The local music includes gaida, tupan, and hora dance.

History 
Humans have lived here continuously from the 30th century BC. The first inhabitants were the Proto-Thracian and Thracian tribes. Many Thracian coins of the Odrises have been found here. From 580 BC to 1359 AD first it was a central part of the Odrysian kingdom of Thrace, and after that was ruled by the Persian Empire, the Macedonian Empire, the Roman Empire (including i.е. Byzantine Empire), the Bulgarian Empire, the Byzantine Empire, the Latin Empire, again the Bulgarian Empire and the Byzantine Empire. The Thracian town on Via Egnatia mentioned by Klaudios Ptolemaios and by many others during over of 1900 years before the Turks, have the names: Zorlanis (and Zerlanis, Zorlanae, Zorlanea), Topiris (and Topir, Topiro, Topirion), Kission (and Kissos, Kissan, Kissupolis), Rusion (and Russa, Roussa, Rossion) in Greek ρουζ - rous mean rouge. Here is the place of the remarkable Battle of Rusion where the Bulgarian Tzar Kaloian defeated the Latin empire army in 1206, and again spread the Bulgarian control over the fortress that begin form the first Bulgarian conquest in 538 AD and the next: of khan Zabergan in 559, Bulgarian and Slavs in 617, 623 and 626, Caesar Tervel in 705 and 717-718, Great khan Krum in 813, Tzar Simeon the Great in 896, 913, 921, 922 and 923, Bulgarian troops in 1047, Tzar Ivan Asen II in 1235-1236, Tzar Michail Shishman in 1328. The castle of Rusion was stay on the hill about 4 km southwest of center of the present Kesan and some ruins still exist around 40.826272N 26.679587E at so called "Kaletepe" (tur.- Fortress hill).

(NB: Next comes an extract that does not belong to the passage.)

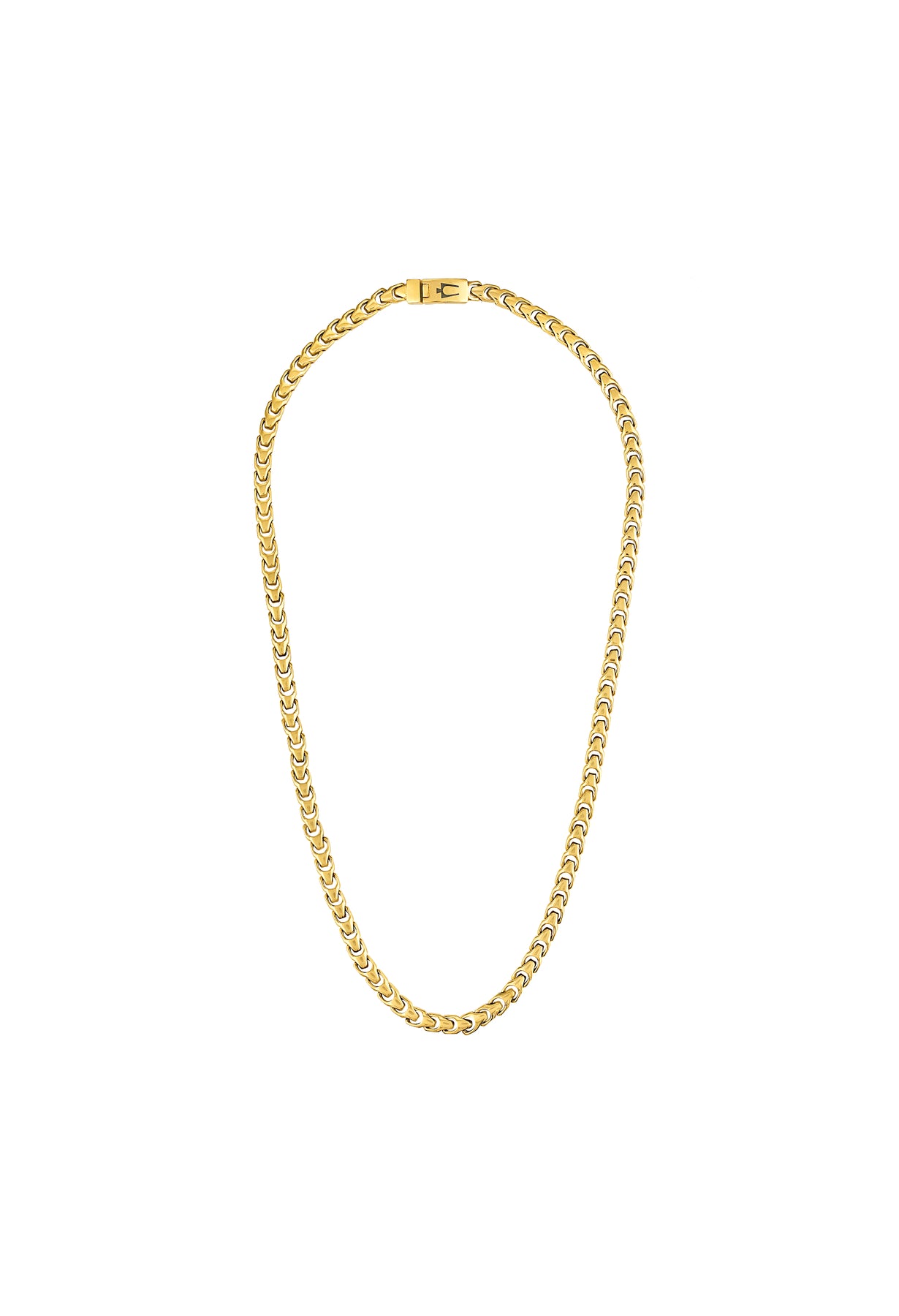The fresh new Bulova Link™ Collection abounds in both personality and presence as our iconic tuning fork makes its debut as a signature design element. Destined to become a classic, this sleek and stylish 8MM gold-tone stainless steel necklace makes a bold statement. Measures 24"" in length and features a box lock clasp etched with Bulova's iconic logo.
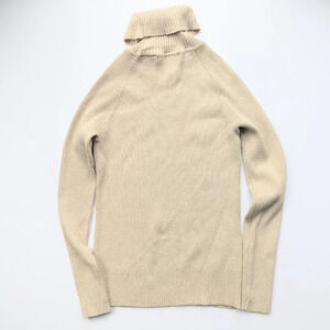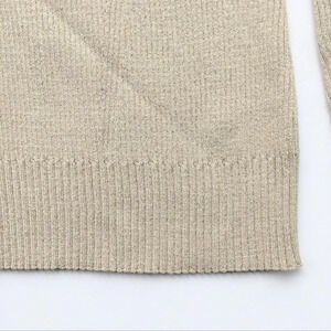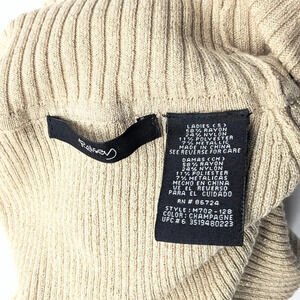 Raisey size Small, metallic gold festive, fitted, long sleeves, rib knit, fold down turtle neck pullover sweater, has a slim silhouette that flatters the body’s contours. 58% Rayon/4% Nylon/11% Polyester/7% Metallic.

Rusion did not fall easily to the Osman Turks, first In 1359 the fortress was taken for a short time by invaders of Gazi Süleyman Paşa before finally being permanently held in 1362 by Lala Şahin Paşa.  In the Ottoman Empire Rusion was renamed to Rusköy (tur. Rus village) a name derived from the medieval fortress-town, and later  to Keşan (from gr. Kissos, Kissupolis). Keşan belonged to the Galipoli Sanjak, and as such was part of the Rumelia Eyalet and then the Province of the Kapudan Pasha. It was a nahiya center in Enez kaza at first, later it was bound to İpsala kaza. It was transferred to the Eyalet of Edirne in 1530. According to the Ottoman population statistics of 1914, the kaza of Keşan had a total population of 30,644, consisting of 15.371 Greeks, 15.221 Muslims, 51 Armenians and 1 Jew.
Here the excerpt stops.